The beloved is the captor and the poet/lover a prisoner for life.  What is the use of asking him for his desire, he is willing to (cannot but) accept whatever the captor/beloved doles out.

kuuze1 meN bhar gaya hai, jaise tamaam darya
yuN us ne ban-saNwar2 kar, dekha hai aarsi3 meN

1.small cup 2.made-up, spiffed up 3.small mirror, traditionally a polished gem on the ring used as a reflecting mirror

The beloved has applied make-up and is looking at herself in a small mirror.  It is as if an ocean is concentrated in a small cup – such is her great beauty.
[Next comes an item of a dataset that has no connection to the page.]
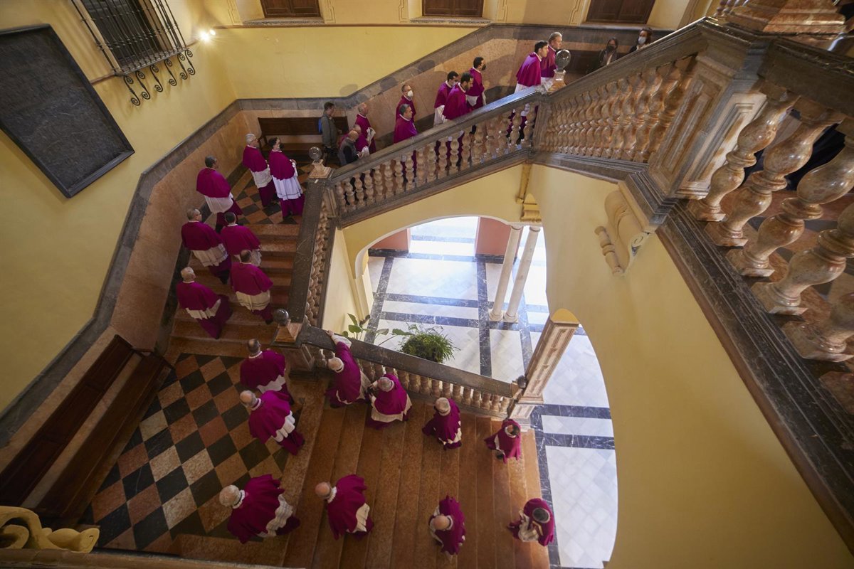 El Cabildo Catedral camina en procesión para velar los restos mortales durante el segundo día de la capilla ardiente del cardenal arzobispo emérito de Sevilla, Fray Carlos Amigo Vallejo, en el Palacio Arzobispal. - Joaquin Corchero - Europa Press

har subah aa ke gulchiN1, gulshan ko dekhta hai
ye vaqt bhi hai naazuk2, phoolauN ki zindagi meN

1.flower picker 2.delicate, critical

Every morning the flower picker comes to inspect the garden (deciding which flowers to pick).  This is a critical time in the life of flowers.  This could either be an expression of fear and sorrow that the flower is losing its life or an expression of hope that it will get picked (if you think of the flower-picker as the beloved).

dekhi qamar kuchh afshaaN1, us mah-jabiN2 ke ruKh3 par
kitne haseen4 taare, hote haiN chaandni meN

1.glitter 2.shining brow (like the moon) 3.face 4.beautiful

The beloved has a shining brow like the moon.  Traditionally the arched shape of a half-moon is likened to the forehead/brow.  The beloved has applied glitter to her face and that is likened to the stars.  The beauty of the stars is enhanced by the beauty of the moon.  But the poet is also qamar and this is a tongue in cheek praise for the poet himself.